Insufficient access to safe drinking water is one of the most challenging global humanitarian issues. The development of low-cost microcontrollers and the widespread availability of cheap electronic components raise the possibility of developing and using low-cost geophysical instrumentation with open-source designs and software solutions to circumvent geophysical instrumentation capital cost issues. To these ends, we alter an existing low-cost direct current (DC) resistivity meter design and develop an optional modular Raspberry Pi data-logging system to improve the unit’s functionality and usability and to ensure data integrity.
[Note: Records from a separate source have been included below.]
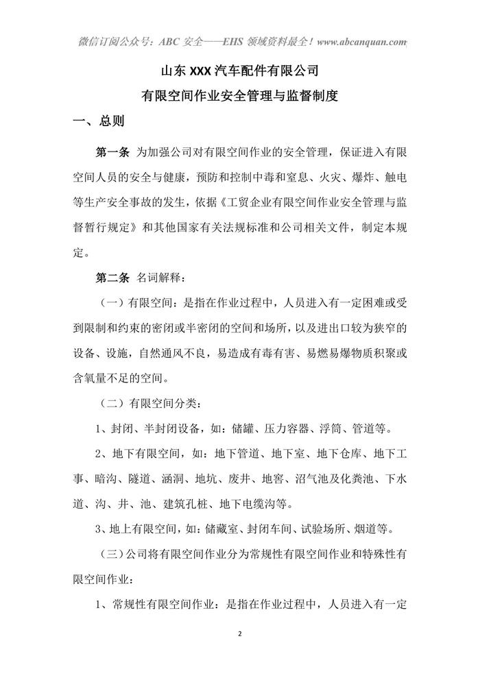 有限空間安全管理制度doc
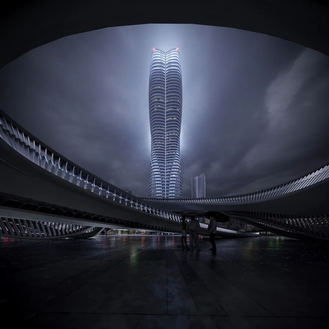此设计方案包含一座集办公、酒店和酒店式公寓于一体的超高塔楼,底部为四层裙楼。由于当地有舞龙传统,用于为大地祈雨和降福,受此启发,大楼设计采用螺旋上升式造型,宛若一条蛟龙飞升出海面,直冲云霄。
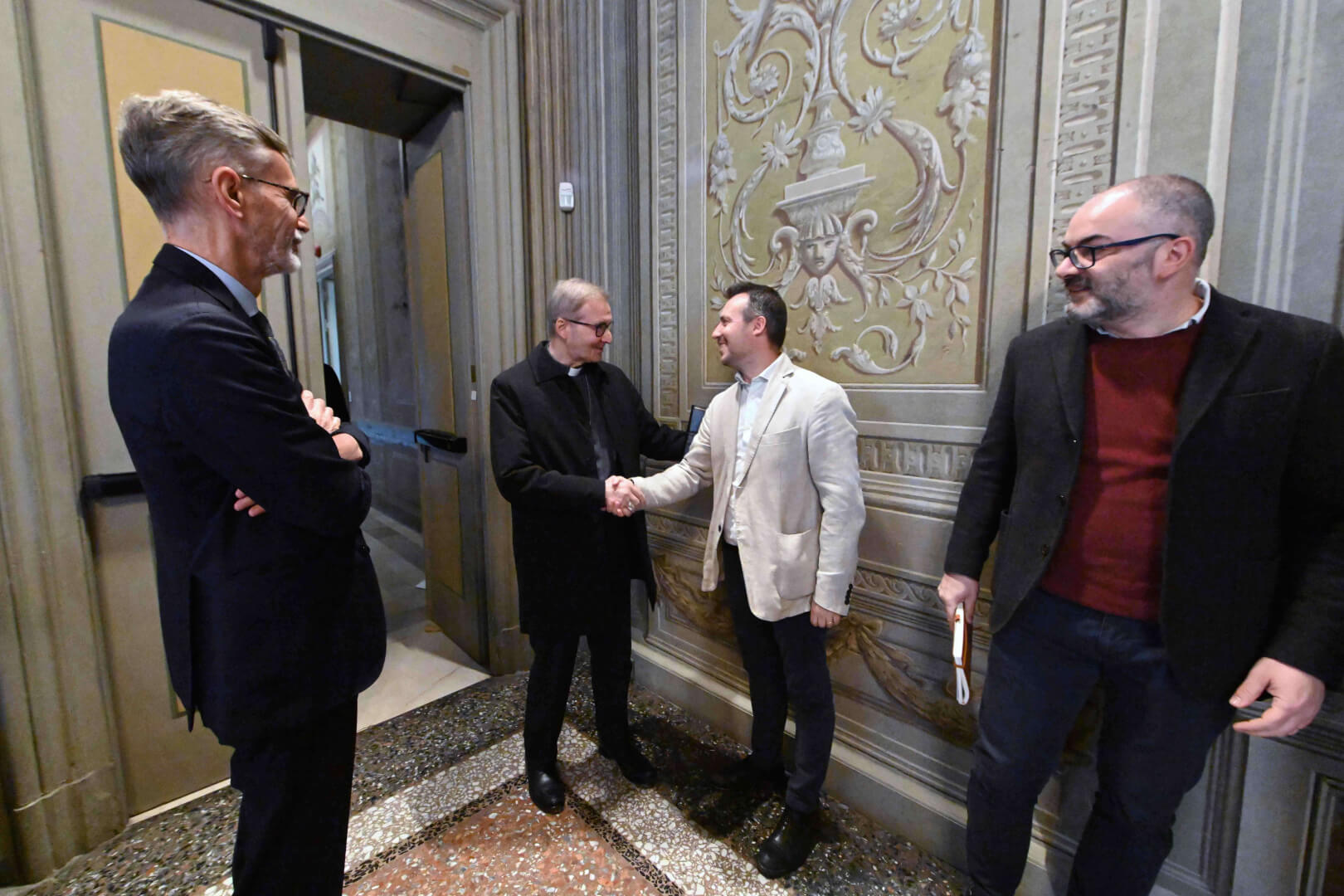 In preparazione alla Giornata mondiale delle comunicazioni sociali, il vescovo Pierantonio ha incontrato i giornalisti presso la sede dell'Università Cattolica del Sacro Cuore. Nell'occasione è stata presentata anche la mostra, "Comunicare la Speranza", allestita nel corridoio Montini dalla Società San Paolo e dalle Figlie di San Paolo e curata da Francesco Antonioli e da Gerolamo Fazzini
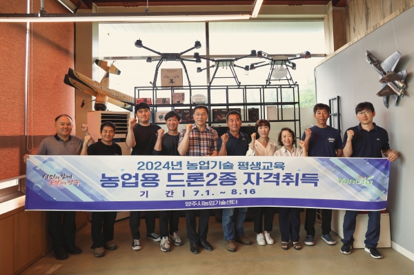 [금요저널] 양주시가 4차 산업 혁명을 선도하는 스마트농업에 발맞춰 전문인력의 체계적 양성을 위해 진행하는 2024년 농업기술 평생교육 ‘2기 농업용 드론 2종 조종사 자격취득 과정’ 개강식을 개최했다고 밝혔다.
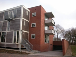 Het appartementencomplex is gelegen op het terrein van de voormalige Adolf van Nassau kazerne te Zuidlaren. Middels zeven “vizieren” is dit terrein verdeeld in zes plangebieden waarvan ‘De Brinkhof’ er een is. Zoals de naam aangeeft, is de bebouwing, merendeels vrijstaande en geschakelde woningen, gesitueerd rondom een binnenterrein of hof. Het appartementencomplex vormt hier de afsluiting van. Het drie bouwlagen tellende complex omvat 21 koop- en 9 huurappartementen. In de half verdiepte onderbouw bevinden zich de parkeerplaatsen van de appartementen. Door het volume in twee delen te knippen is een visuele verbinding gelegd tussen het binnenterrein en het omliggende Drentse landschap. De ruimte tussen beide volumes is daartoe transparant ingevuld. De hier gesitueerde hoofdentree, met lift, trappen en loopbruggen, ontsluit en verbindt de appartementen in de twee delen. Een aan de hofzijde gelegen, ruim opgezette binnenstraat zorgt voor een sociaal veilige ontsluiting van de koopappartementen. De toegepaste materialen (rode baksteen, onbehandeld Red Cedar en wit geschilderde houten kozijnen) benadrukken de markante vormgeving zonder te detoneren met de omgeving.
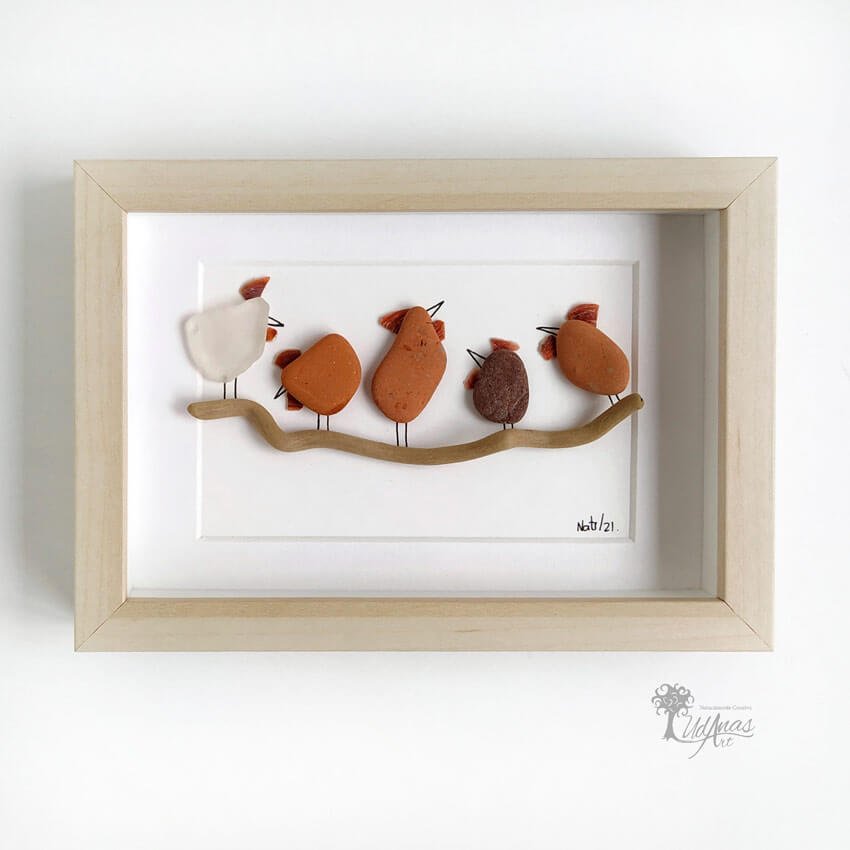 El cuadro con piedras «Friends not food», está hecho a mano en Barcelona.

Numerical modeling and physical testing demonstrate that the system is more robust than previously published low-cost designs and works in a more diverse range of geologic scenarios — especially conductive environments. Our instrument was tested in a Geoscientists Without Borders project jointly run between researchers from Colorado School of Mines (CSM) and Université d’Abomey-Calavi (UAC), Cotonou, Benin. A key project component involved CSM and UAC students constructing and validating two low-cost DC resistivity meters and then using these instruments for fieldwork aimed at better characterizing and monitoring the health of a local aquifer used as a groundwater source for communities in the Cotonou region. The low-cost instruments were successfully used alongside a commercial resistivity meter to acquire data for 2D inversion of aquifer hydrostratigraphy, indicating the presence of a clay-sand contact. The costs of the redesigned instrument and data logger, respectively, are $177 and $108 (in 2021 USD) with future cost reductions possible, which are fractions of the price of commercial resistivity meters.